Determination of carbadox and olaquindox metabolites in swine muscle by liquid chromatography/mass spectrometry

• First application of the LLE combinated with LC–MS/MS.
• Sample preparation by extraction and clean-up in a single step.
• SelexION™ significantly improves signal to noise ratio.

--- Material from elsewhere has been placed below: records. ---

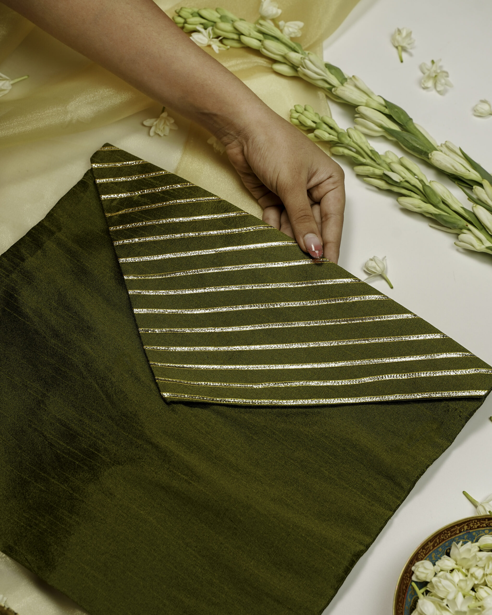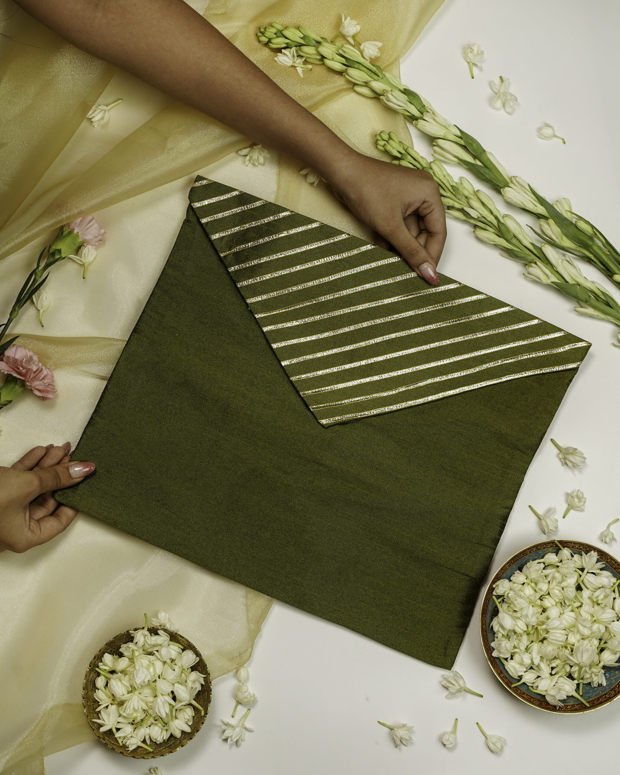 • Close-up of Saawan Silk, Full Gota work with Gold trims, Trousseau Bag, an olive green fabric envelope with a small silver floral button, placed on a golden cloth with white flowers in the background by Navka Studio.
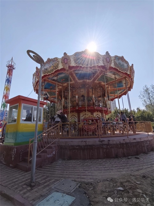 我们还在大型的旋转木马前看了好久。妹妹甚至还给一圈一圈的数。儿子小时候只在八一公园坐过这个游乐设施。
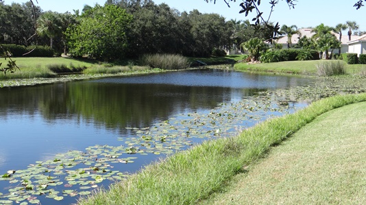 ![]() Remediated ponds with ample shoreline foliage are healthy environments that support local wildlife. Image from the retention at LAI at-large member Charles Reith’s Mira Lago home and neighborhood. |
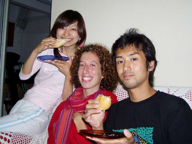 Übereinstimmend müssen wir feststellen, dass brasilianische Jungs mit schweren silbernen Ketten und krassen Doofenkappen über den Reifegrad eines 13-Jährigen nicht hinauskommen, denn für sie ist es das tollste, den Mädels durch Streichhölzer flitschen (festhalten, und über die Zündfläche an der Schachtel wegschleudern) zu imponieren. Steve und Christian können bei mir übernachten, und so fahren wir zurück zu mir, unterhalten uns mit Luiz und Michelle, um abends nach Lagoa de Conceição aufzubrechen. Nach einer kleinen Cocktail-Bar, einer Pasteleria und endlosem Umhergelaufe entdecken wir in der Nähe des TILAG endlich mal eine urbrasilianische Disko, mit verträglichen Eintrittpreisen (12 Reais) und verbringen dort den Abend. Nachdem Trampversuche erfolglos bleiben, erkundigen wir uns beim TILAG-Wachmann, wann der erst Bus zurück nach Floripa fährt: In einer halben Stunde, um viertel nach 4 morgens. Na gut, da lohnt kein Taxi, die halbe Stunde bekommen wir auch noch mit einem X-Salada (Burger) in einer Kneipe totgeschlagen und dann ab in den Bus. Der ist wie auf der Hinfahrt schon voll mit Kuttenträgern, da in einer anderen Disko in Lagoa heute eine rabenschwarze Metal-Party war.
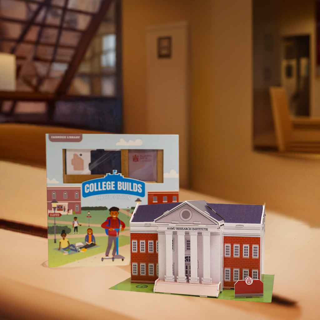 Replica of Alabama A&M University. This unique activity kit teaches aspiring architects about built design with an emphasis on culturally iconic institutions. This introduction to architectural design taps into kids' imagination and helps them to expand their ideas of the possibilities for their futures!
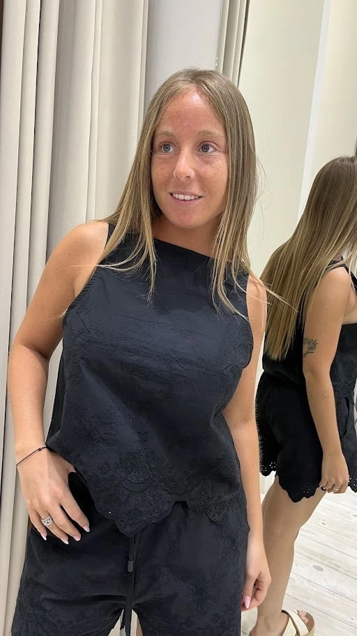 Descubrí la Musculosa Lagoon Broderie, una prenda elegante y fresca ideal para el verano. Con escote clásico y calce entallado, destaca por la guarda en el ruedo delantero y espalda, que le aporta un detalle único y delicado. Está confeccionada 100% en algodón, garantizando comodidad y transpirabilidad. Además, lleva una chapita metálica con la identificación de la marca, que suma un toque distintivo. ¡Sumá estilo y frescura a tu look con esta musculosa exclusiva!
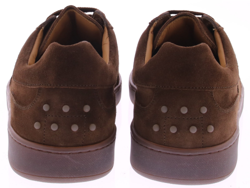 Deze stijlvolle Rossano Bisconti sneaker in donkerbruin suède combineert Italiaanse finesse met dagelijks comfort. Het minimalistische ontwerp en de ton-sur-ton afwerking maken deze schoen een veelzijdige keuze voor elke moderne man. De sneaker is voorzien van een bruine rubberen zool die licht en flexibel is, en daarmee zorgt voor een uitstekende grip en demping. Dankzij de leren voering blijft de schoen ademend en comfortabel, zelfs bij langdurig dragen. Het uitneembare voetbed maakt deze sneaker bovendien geschikt voor eigen inlegzolen en ideaal voor wie extra ondersteuning of orthopedische aanpassing nodig heeft.
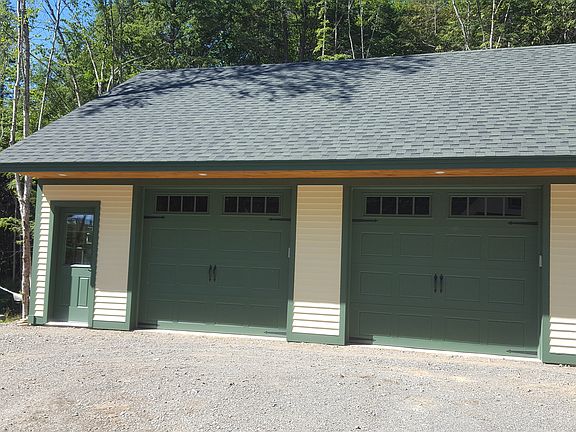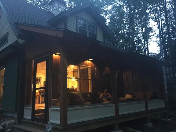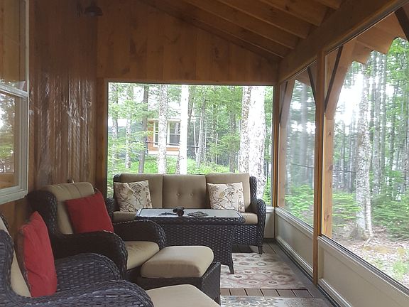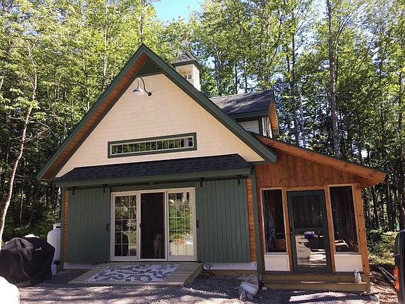 Carriage house style cottage with screen porch and large garage with 250' of deep water frontage and 1 1/2 acres on Ironbound Pond. Beautiful lot, one of the nicest on the pond! Septic system and well installed. lot and systems are pre-planned for a full year round home. This is set up as a seasonal camp but could be year round. It is on posts set on concrete rounds. First floor is a one room kitchen, living , dining plus a full bath. Very spacious for the size! This floor has a propane hot air furnace for heat. There are washer and dryer hookups in the loft. Second floor is a large loft with enclosed toilet and a sink. There is closet space along the outside eave walls in the loft. This loft has a heat pump for heat and a/c. On hot days the a/c keeps both floors cool. Walls and ceilings are insulated. Windows and slider are Paradigm. There is a well and septic system. The water is heated with a propane fired demand water heater. The front of the screen porch is about 150' from the water's edge, with a gentle sloping lawn to the water.
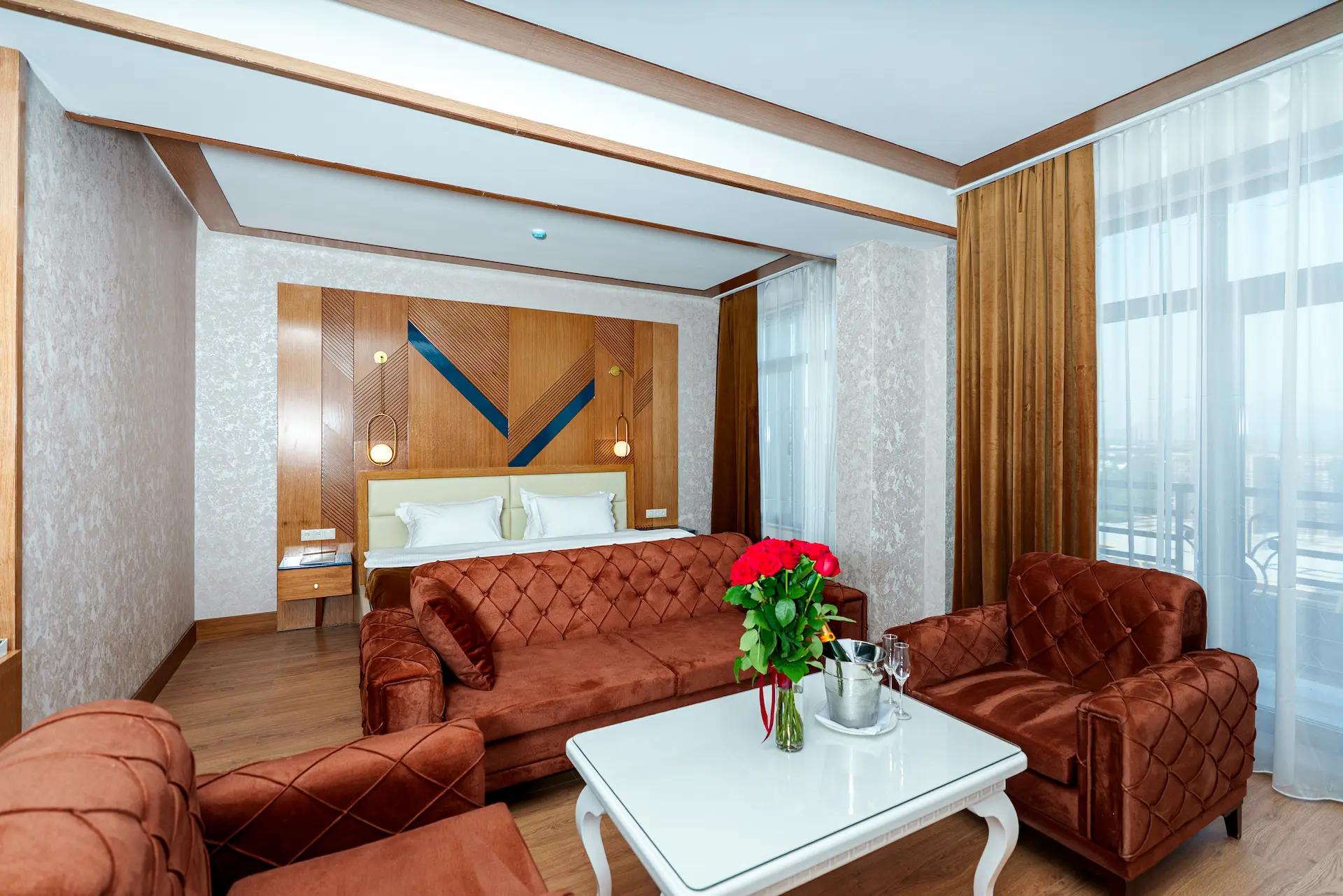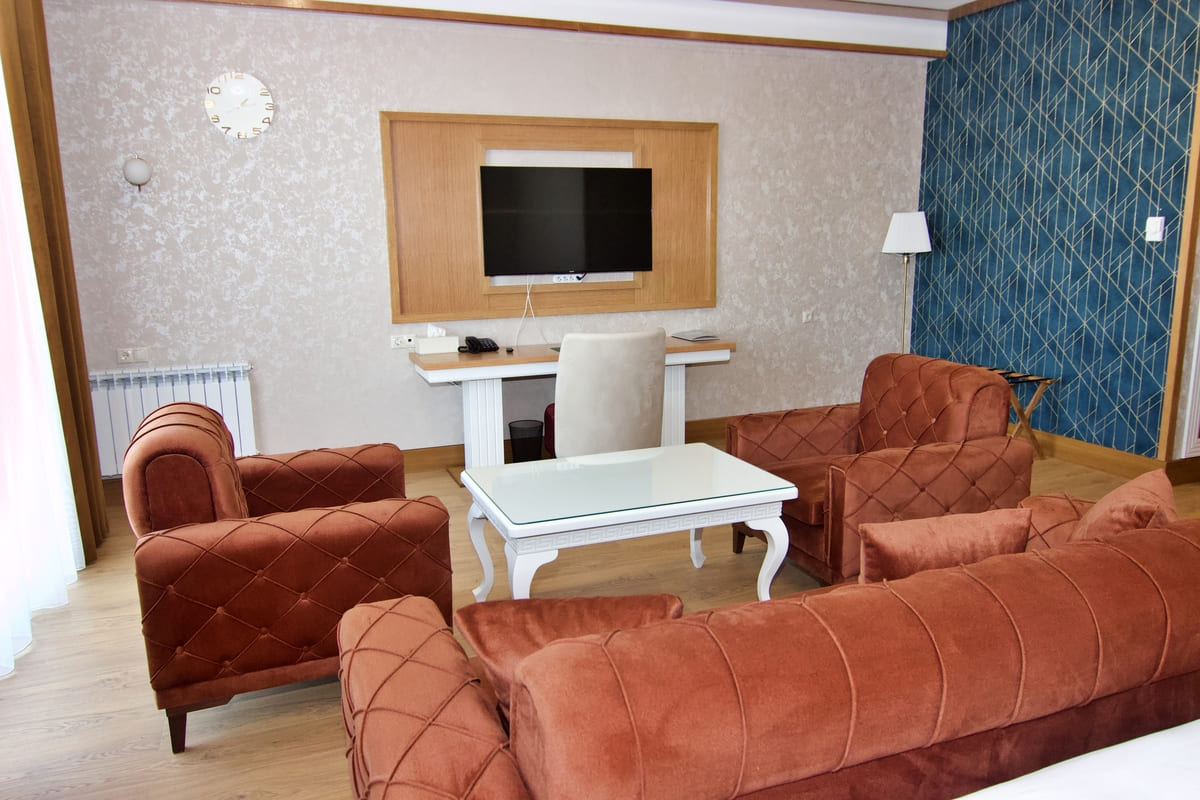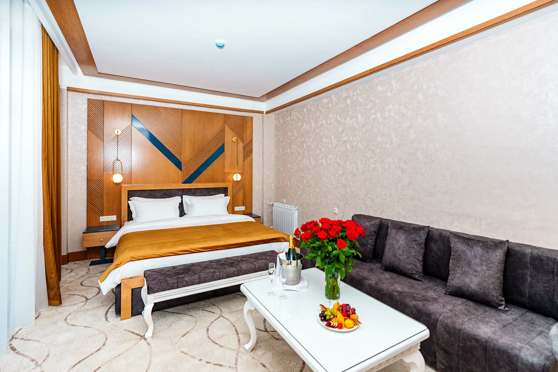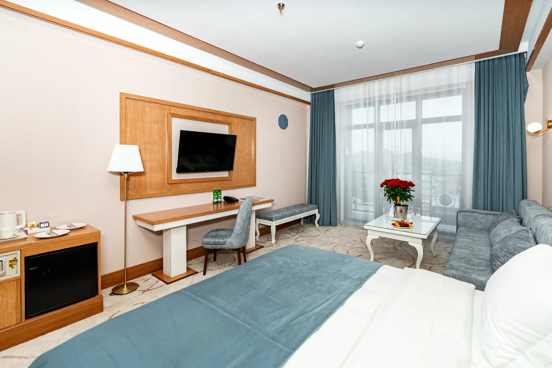 - Джуниор Сюит (32 м²) — уютный номер, созданный для отдыха и восстановления сил. Оснащён всем необходимым для комфортного пребывания, идеально подходит для релаксации.
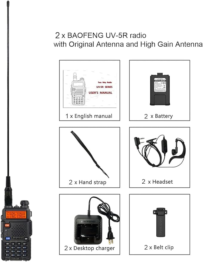 - What You Get? 2 x BAOFENG UV-5R radio with original & long antennas, 2 x 1800mAh Li-Ion battery, 2 x Headset, 2 x Desktop charger, 2 x Belt clip, 2 x Hand strap, 1 x English manual.
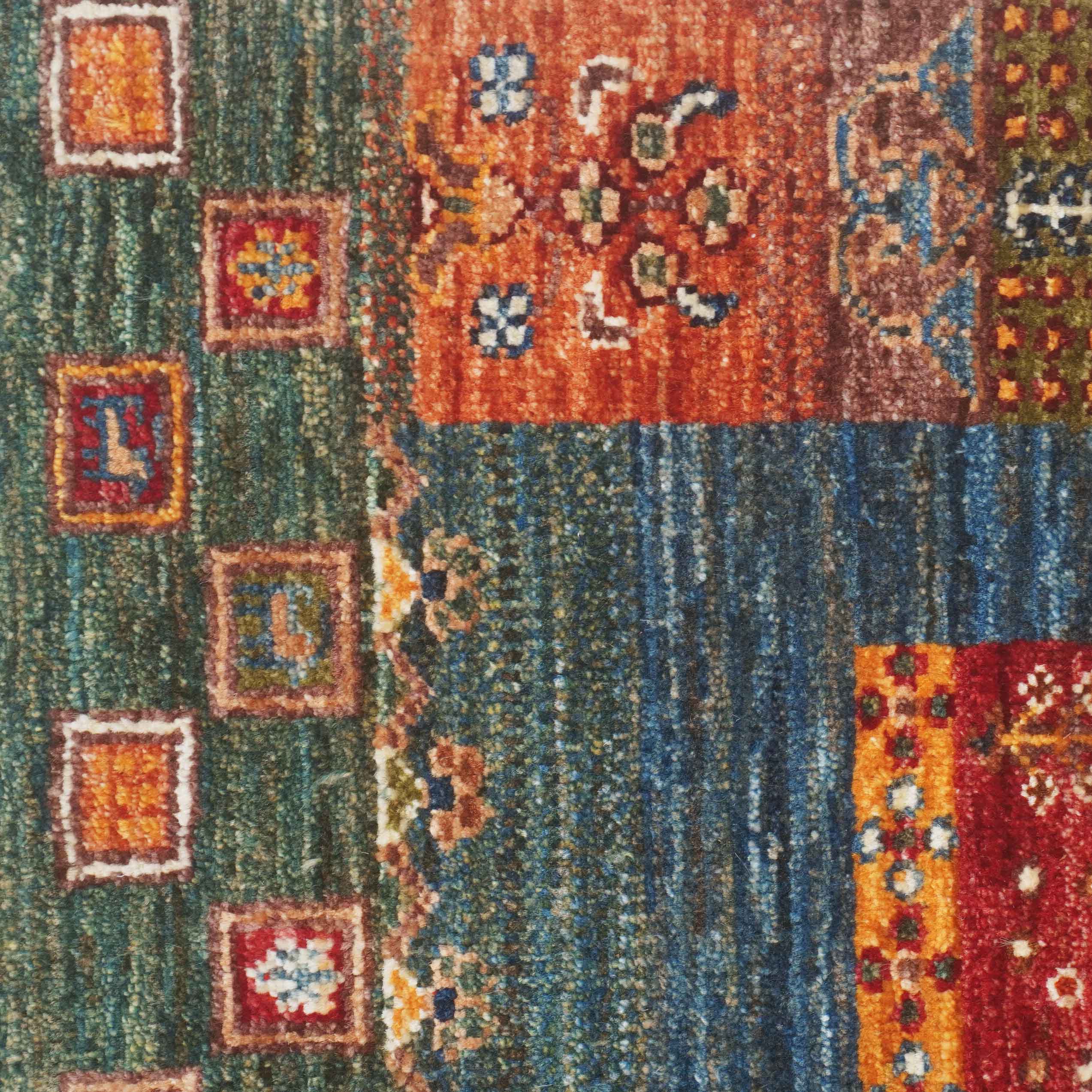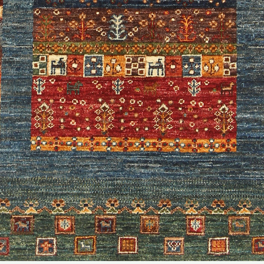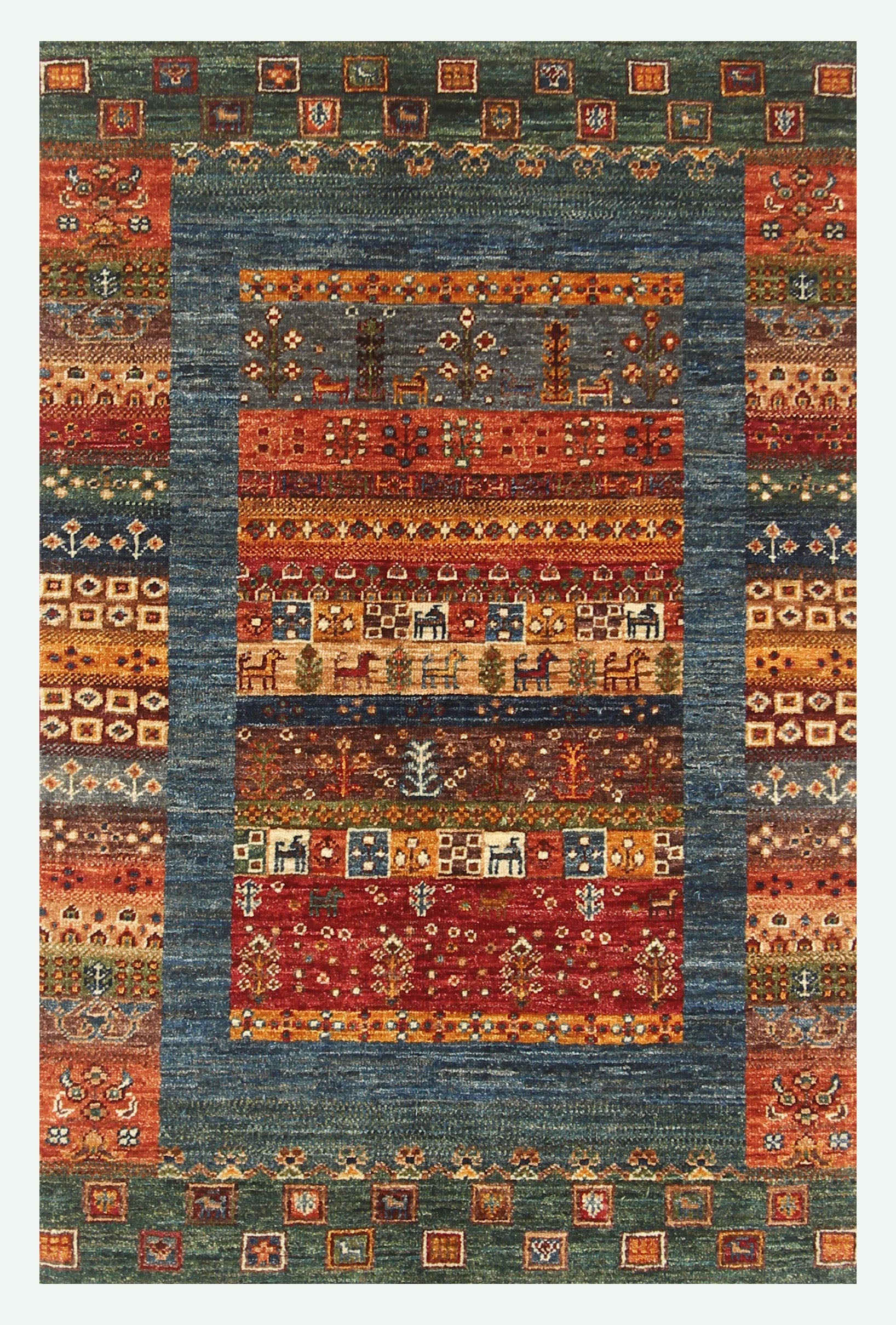 The carpets are still hand-knottedand the wool is coloured with vegetable dye. The Loribaft rug designs can be reminiscent of Gabbeh designs, although the Loribaft pieces are more refined and tightly knotted. The colours of the Loribaft rugs and carpets are similar to those used in our Samarkand collections and possibly more vibrant. The main distinction is that the patterns are playful, using a defined colour palette and simple design, with stylised animals, plants, trees or characters with block colour often mimicking an ombre effect. Some Loribaft pieces do not have fringes, so they are finished with a plain kilim end or binding and secured to prevent fraying. Like the Samarkand carpets, other rugs are produced with an unusual bobbin wind on the warps.

This paper presents LC–MS/MS method that was developed for the simultaneous determination and confirmation metabolites of carbadox (desoxycarbadox, quinoxaline-2-carboxylic) and olaquindox (3-methylquinoxaline-2-carboxylic acid) residues in pig muscle tissues at concentrations ≤3.0 μg kg−1. Pig muscle tissues were deproteinated with meta-phosphoric acid in methanol and then were extracted with ethyl acetate:dichloromethane (50:50, v/v). The whole extracts were evaporated to dryness in rotary evaporator at 45 °C, and dry residues were re-dissolved in 0.5% isopropanol in 1% acetic acid. The LC separation was performed on a C8 column with a gradient system consisting of isopropanol/water/acetic acid and methanol as the mobile phase. Additionally SelexION™ technology to reduce matrix effect was used. The decision limit (CCα) ranged from 1.04 μg kg−1 to 2.11 μg kg−1 and the detection capability (CCβ) ranged from 1.46 μg kg−1 to 2.89 μg kg−1. The total recoveries were from 99.8% to 101.2%. The results of validation fulfil the requirement of the confirmatory criteria according to the European Commission Decision 2002/657/EC.